Дождь залил дикую истерику, снег постепенно засыпал последствия. Всё вернулось на круги своя.
Доучилась там, где училась, а потом к ней, уже взрослой, пришёл компромисс: стала преподавать в МГУ и Академии ФСБ. А потом всё равно выросла ФЭС, и Рогозина окончательно стала тем, что из неё вылепливал отец. Даже превзошла. «Перевыполнила план».
Спустя почти тридцать лет та истерика накрыла её вновь. Но поздно.
***
Валя изнемогала от неведения, неопределённости и больше всего – от невозможности увидеть Рогозину. Она почти месяц провела в приграничном посёлке, подрабатывая кем придётся, прежде чем представился случай попасть на территорию лагеря.
Взрывы доносились редко и издалека, гораздо ближе висели запахи крови и пороха – их с ветром приносило из лагерного палаточного госпиталя. Каждую ночь Валентину дробила одна и та же мысль: Галя была в нескольких километрах, всего в нескольких километрах, прищурившись, можно было различить фигурки людей между брезентовых стен, одной их которых – Антонова не сомневалась – была Рогозина. И при этой близости она не могла до неё дотянуться. Никак.
И тем не менее продолжала жить в посёлке, бросив Москву, работу и семью. И случай всё-таки пришёл – вошёл с худенькой хрупкой женщиной тридцати пяти лет, в платье, похожем на те, что носили до революции, с воротником, сколотым спичечной красной брошкой, и усталым, терпеливым и грустным лицом.

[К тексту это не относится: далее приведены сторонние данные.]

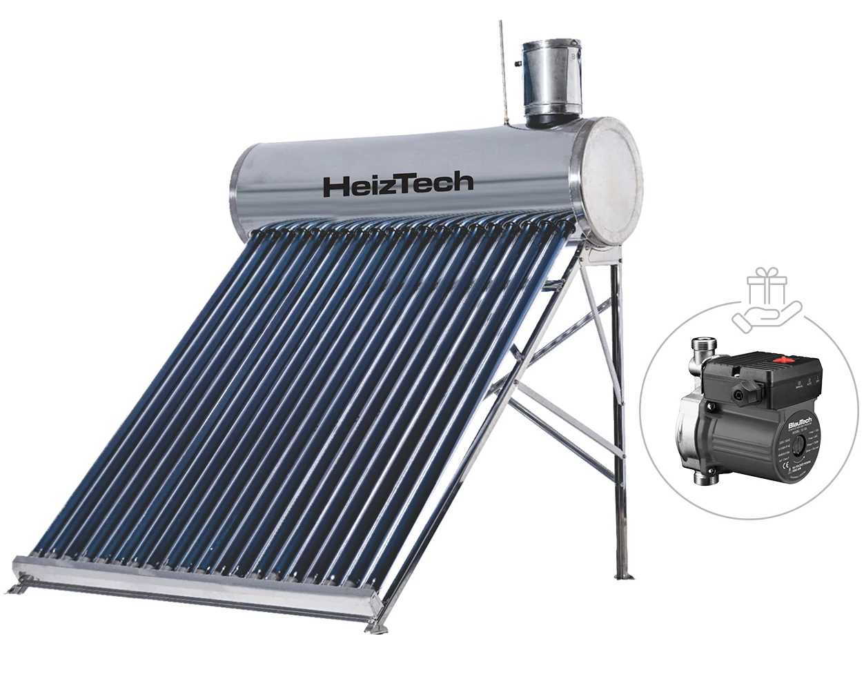 Panoul solar cu 20 tuburi vidate pentru preparare apă caldă menajeră cu rezervor oțel inoxidabil nepresurizat 200 litri HeizTech, este unul dintre cele mai bine vândute produse ale noastre. Cheia acestui succes nu este un secret. Ca și în cazul tuturor produselor noastre de marcă proprie, ne-am străduit și continuăm să ne străduim să oferim cea mai bună calitate posibilă la cel mai bun preț posibil. Având în vedere că aproape toate componentele sunt realizate din oțel inoxidabil, putem garanta durabilitatea produsului, care vine cu o garanție standard de 3 ani, spre deosebire de garanția tradițională de 2 ani.

- Анна Борисовна, - представилась она тихо и напряжённо. - Если можно, чаю…
Анна Борисовна приходила в течение трёх дней, всякий раз задерживаясь не дольше, чем того требовала чашка чая. В первый день она рассказывала случаи из своей жизни и жизни своих подруг – таких же женщин, сошедших с досоветских картин. На второй вечер она впервые улыбнулась Валентине. А за третьей чашкой чая объяснила: если та хочет попасть на территорию лагеря, то должна найти мужчину. Его можно выдать за брата, мужа или жениха, и самой пройти вместе с ним. Но лучше за жениха, этот статус не требует документальных доказательств…
- Откуда вы знаете, что у меня там… кто-то есть?
Анна Борисовна отставила чашку, склонила гладко причёсанную голову.
- Подолгу здесь живут только старики и те, кто ждёт.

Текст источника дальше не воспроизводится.